Please feel free to post what you like, dislike, modifications, favorite patch sets, Etc.


----------



## Parsifal666 (Dec 16, 2016)

babylonwaves said:


> they've added a better patch browser some time ago. did you see that?



There were improvements that really resold me on Serum (I had the original for six months, but ended up never using it...around that time Waldorf's Nave vst came out and to this day I use it more). When I first owned it, for instance, there was no modulation of the tuning of the separate oscillators. Now there is, and it's really interesting to me to draw the LF0 wave forms in manually for tuning purposes...the possibilities can seem endless.


----------



## synthpunk (Dec 16, 2016)

Serum can be very pristine sounding. I have signal chain of several plugins that add warmth. That includes soundtoys sie-q eq, and airwindows console4 console emulation set for Neve. I also use Valhalla vintage verb on an AUX send for verb + modulation effects

Serums Factory presets are in my opinion below average. to make serum yours and get past the idiom that it is sold as you really need to dig in learn the plug-in and make it your own there are some good third-party Soundsets out there for serum and some very bad ones so choose carefully perhaps the best way to get started to expand Serum into something that your own is to expand its wavetable capabilities with Wavetable expansion there are lots of wavetables out there that you can load into serum. One of the best is the Galbanum Architecture waveforms.
http://www.galbanum.com/products/architecturewaveforms2010


----------



## Parsifal666 (Dec 16, 2016)

synthpunk said:


> Serum can be very pristine sounding. I have signal chain of several plugins that add warmth. That includes soundtoys sie-q eq, and airwindows console4 console emulation set for Neve. I also use Valhalla vintage verb on an AUX send for verbal + modulation effects.

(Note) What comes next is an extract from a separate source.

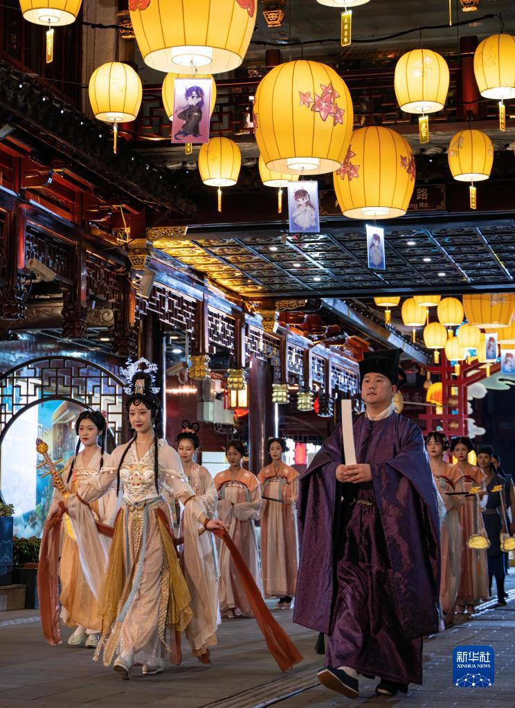 上海豫園商城上演國風主題表演“仲秋月神游”(9月23日攝)。
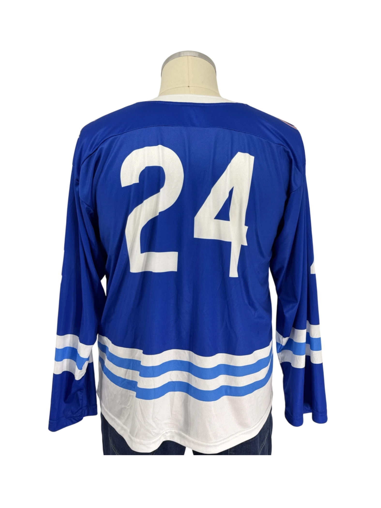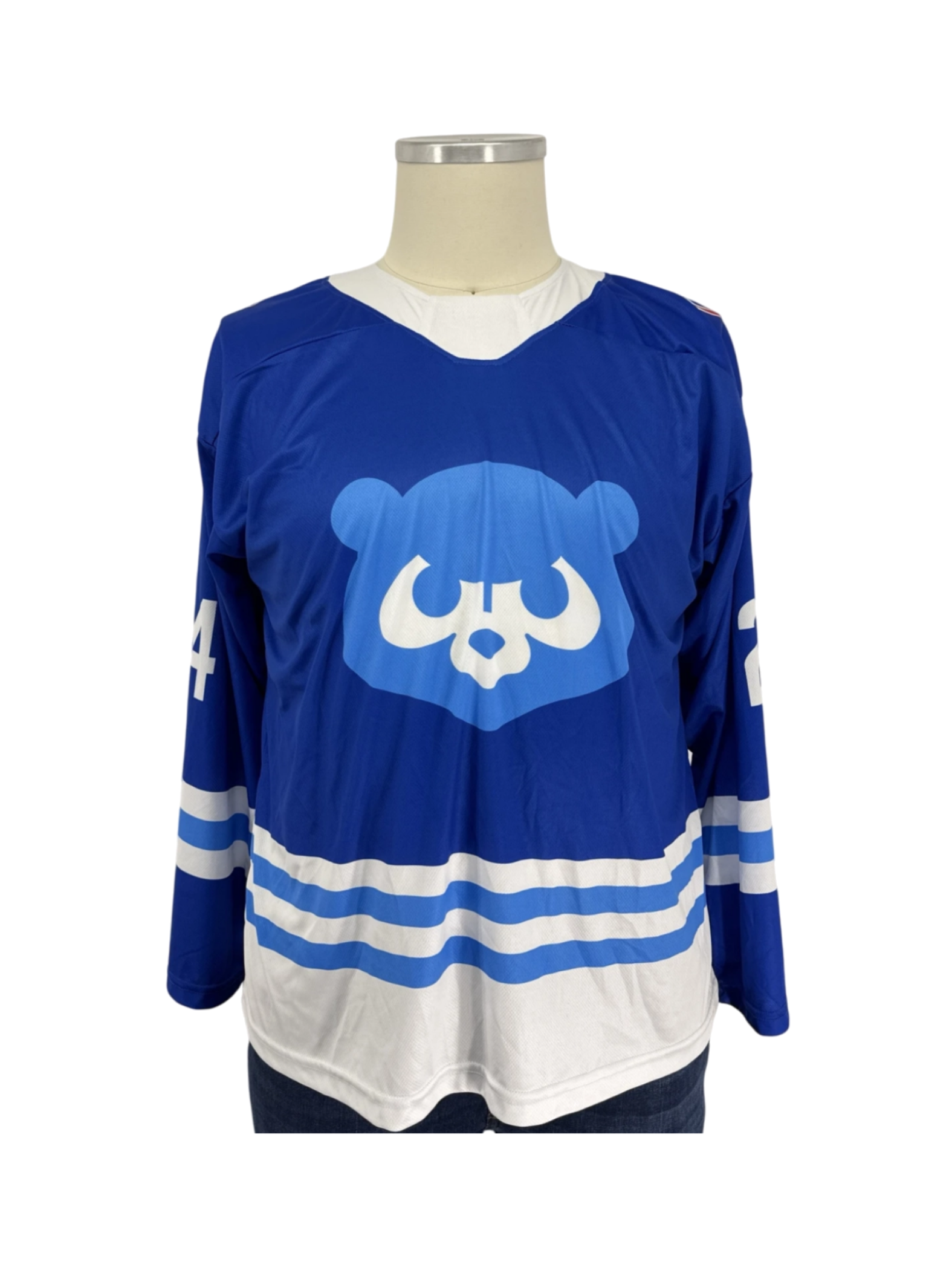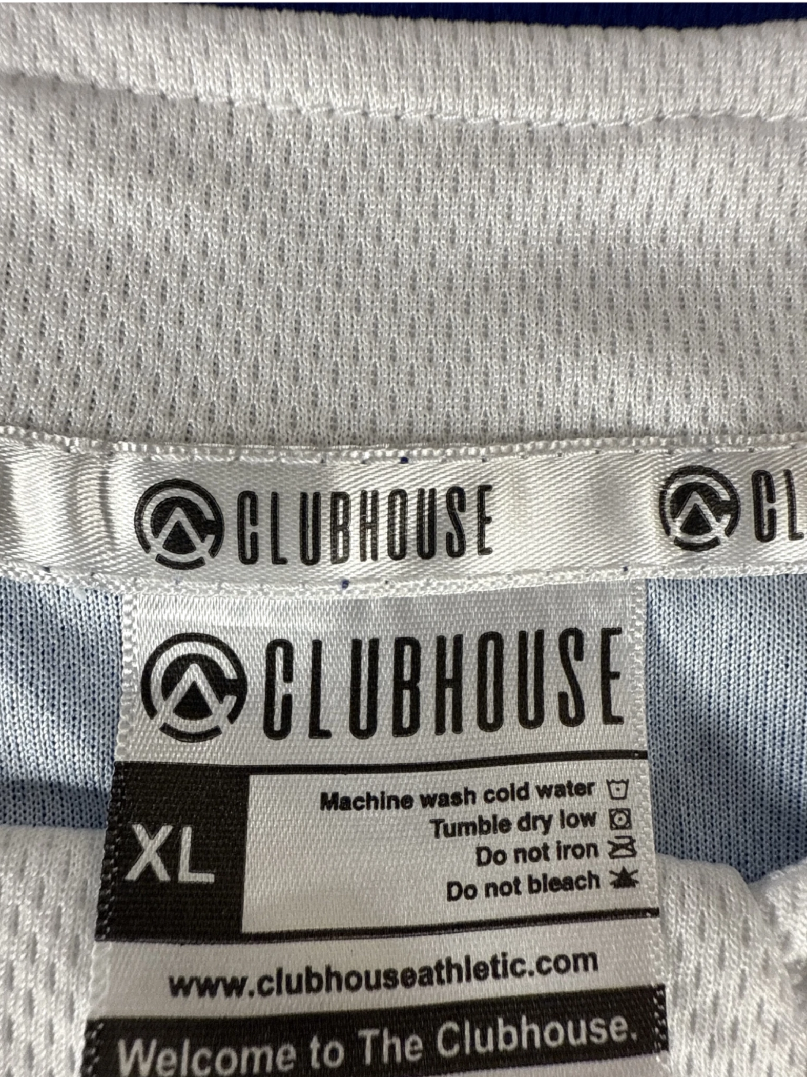 Show your team pride with this pre-owned CLUBHOUSE long sleeve shirt. This vibrant blue jersey features a unique design and is perfect for any fan looking to make a statement. Made from durable polyester, this shirt offers both comfort and style. Perfect for cooler weather, this long sleeve top is ideal for game days, casual outings, or as a unique addition to your wardrobe. Get your piece of fan gear today!

The Vintage Verb has to be one of the most rewarding effects plugins ever, the price itself is perhaps the best deal in such plugins today.

It says something about Serum that I read about people talking about adding plugins for warmth so often. Overall it is a midrangey, cold, "digital" sounding synthesizer, and I don't mean any of that in a negative way. That sound can be used to sensational effect. I simply can't imagine anyone using just that synth, for practically any type of music, where I can see that happening with Omnisphere or Zebra/HZ. It's best as a third synth imo


----------



## synthpunk (Dec 16, 2016)

Splice offers a Serum subscription of $9.99 a month. Once you have made the full payment the Serum license is permanently yours and you can start, stop, and restart your subscription at any time.
https://splice.com/plugins/15493-serum-vst-au-by-xfer-records


----------



## synthpunk (Dec 16, 2016)

Remember Serum FX is available as a separate plug-in download that comes with Serum now Check your user account an Xfer if you haven't downloaded it yet it's a pretty good useful effects rack that you can use on your other plug-in synths, and tracks.


----------



## Parsifal666 (Dec 16, 2016)

synthpunk said:


> Splice offers a Serum subscription of $9.99 a month. Once you have made the full payment the Serum license is permanently yours and you can start, stop, and restart your subscription at any time.
> https://splice.com/plugins/15493-serum-vst-au-by-xfer-records



I had to delay my payments because of Xmas, but now I'm especially interested. Seems I had the Splice Serum for months and didn't even know there was an fx unit dohhh!


----------



## Wes Antczak (Dec 16, 2016)

See...? It's a good thing that synthpunk started this thread!

Serum doesn't have to sound cold and precise, but it can if you want it to. Also, if you find that it's using more cpu than you would like, oftentimes draft mode is just as good. I sometimes think of draft mode and the other modes as additional potential sound design choices.


----------



## synthpunk (Oct 25, 2017)

Cymatics free Halloween skin for Serum
https://cymatics.fm/jack-o-lantern-xfer-serum-skin/


----------